Markus Söder (CSU), Ministerpräsident von Bayern, gibt vor Beginn der zweitägigen Haushaltsklausur der bayerischen Staatsregierung in der Residenz ein Pressestatement. © Sven Hoppe/dpa

Steigende Inzidenzen, immer mehr Corona-Patienten: Der aktuelle Trend schließt auch München nicht aus. Erste Kliniken schlagen Alarm. Die Intensivstationen laufen voll.

Update vom 14. November, 15.48 Uhr: „Wir brauchen die Möglichkeit von Kontaktbeschränkungen für Ungeimpfte“, sagte Söder zudem am Sonntag.

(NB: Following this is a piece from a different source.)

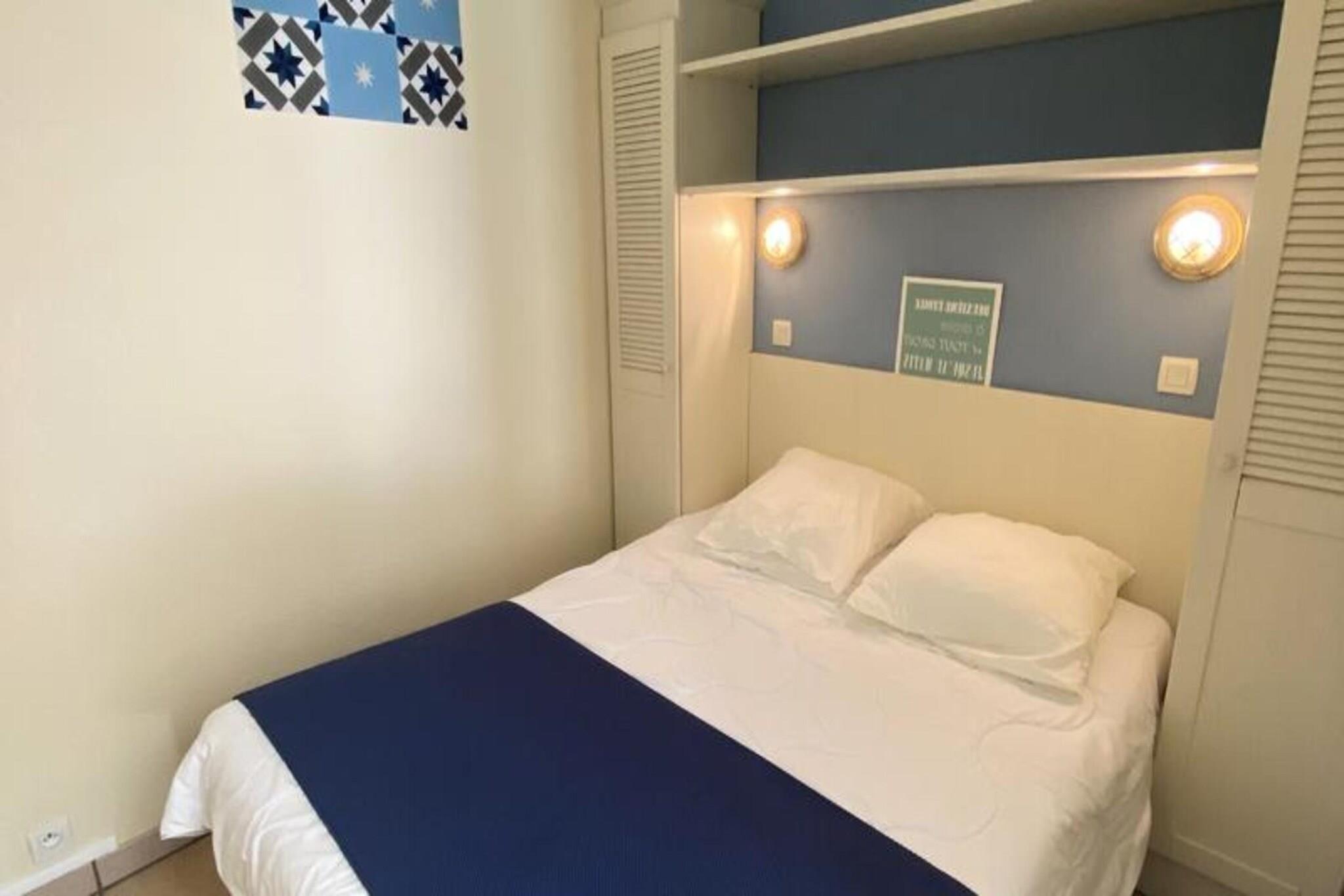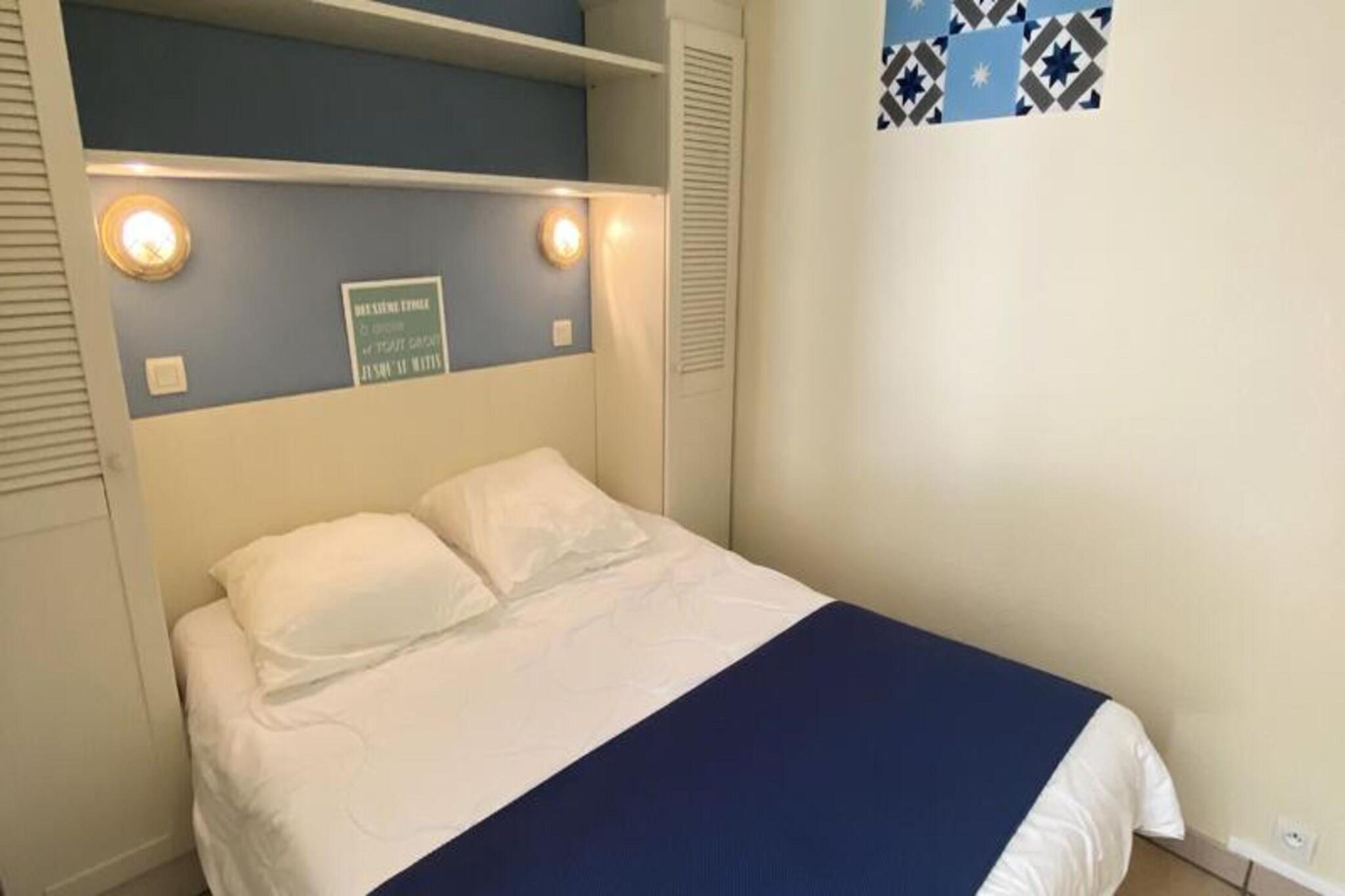 Beliggende kun 300 meter fra Atlanterhavet tilbyder denne indbydende badelejlighed et ideelt tilflugtssted for op til fire gæster. Indkvarteringen omfatter en hyggelig opholdsstue med en udtræksseng, et komfortabelt soveværelse med en dobbeltseng og et halvåbent køkken perfekt til at tilberede hurtige måltider. Gæsterne kan nyde den friske havbrise fra den sydvendte balkon. Ejendommen har gratis og sikker udendørs parkering, og kæledyr er velkomne i udvalgte indkvarteringer efter forudgående aftale. Bemærk venligst, at nogle enheder kan opleve mindre stilladsarbejde under dit ophold. Ejendommen er perfekt placeret nær det pulserende centrum af Lacanau Océan og tilbyder direkte adgang til stranden og er i gåafstand fra lokale attraktioner, herunder butikker, restauranter og aktivitetscentre. For en afslappet dag ude kan du udforske de nærliggende cykelstier eller nyde vandsport såsom surfing og sejlads. Tennisbaner og ridefaciliteter er også placeret i nærheden, hvilket sikrer, at der er noget for enhver type rejsende. Lejligheden er designet til komfort og bekvemmelighed, og byder på et velholdt køkken udstyret til tilberedning af lettere måltider, et lyst badeværelse med badekar og separat toilet. Yderligere faciliteter inkluderer adgang til boligens swimmingpool, åben fra midten af ??juni til midten af ??september, og muligheden for at leje et babysæt eller ekstra sengetøj. Med sin bekvemme beliggenhed og tankevækkende faciliteter lover denne ejendom en dejlig kystferie.

Es brauche dies als Zusatzinstrument - sonst werde man der steigenden Corona-Infektionszahlen nicht Herr. Außerdem will sich Söder dafür einsetzen, eine Personen-Obergrenzen für Veranstaltungen, insbesondere beim Fußball, einzuführen.

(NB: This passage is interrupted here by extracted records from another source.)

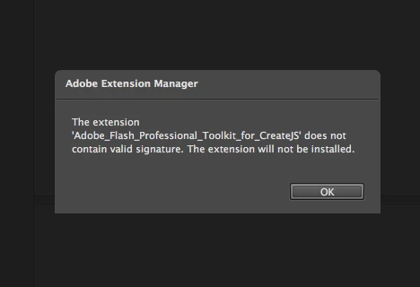 Can please some body help me while installing Toolkit_for_CreateJS on my Adobe Extension Manager CS6 .When I am trying to install the extension I am getting Invalid signature error.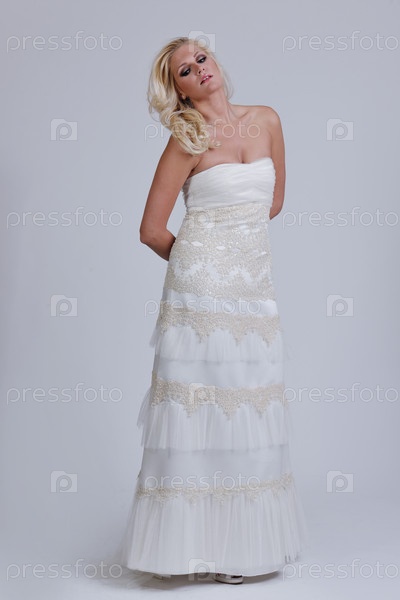 Красивая молодая невеста в свадебном платье в стиле ретро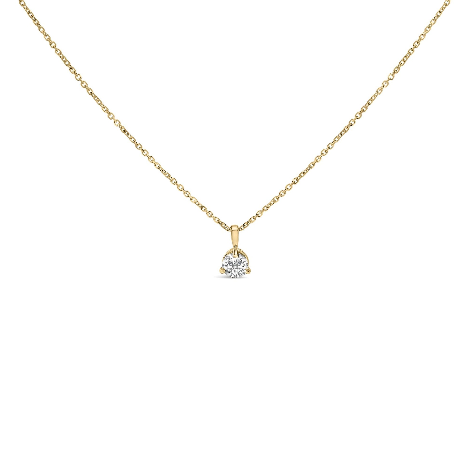 14K Yellow Gold 3/8 Cttw 3 Prong Martini Set Round Diamond Solitaire Pendant Necklace (G-H Color, SI2-I1 Clarity) - 18" Inches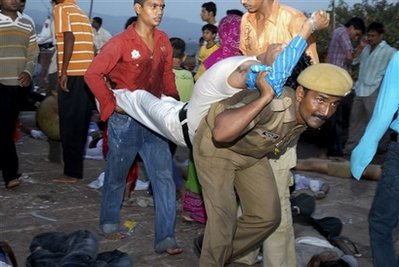 A group of 200 pilgrims jostled with the crowd and tried to move ahead of others, causing some people to slip down the narrow 1.35-mile path leading to the temple, said Mahendra Singh Nagar, who heads a private trust that oversees the temple's operations. False rumors of a bomb added to the chaos, worshippers said. Tensions are high because India has been hit by a spate of recent bomb attacks. Temple floors were also slick with coconut milk as thousands of devotees broke coconuts as religious offerings, causing pilgrims to slip and fall as they scrambled to escape, Nagar said. |

„Wir brauchen Obergrenzen, das muss man einheitlich machen.“ Sollte der Bund nicht aktiv werden, werde Bayern dies sonst selbstständig machen. Das Ausrufen des Endes der epidemischen Lage sei „in jeder Beziehung der falsche Weg“. Söder kritisierte das neue Ampel-Infektionsschutzgesetz scharf und fordert eine deutlichen Nachschärfung. „Die Lage droht im gesamten Land zu entgleiten. Wegducken allein reicht nicht. Wir müssen jetzt alle - Bund, Länder - zusammen entschlossen handeln“, so der Ministerpräsident. In einem eindringlichen Appell forderte Söder einen Schulterschluss von Bund und Ländern.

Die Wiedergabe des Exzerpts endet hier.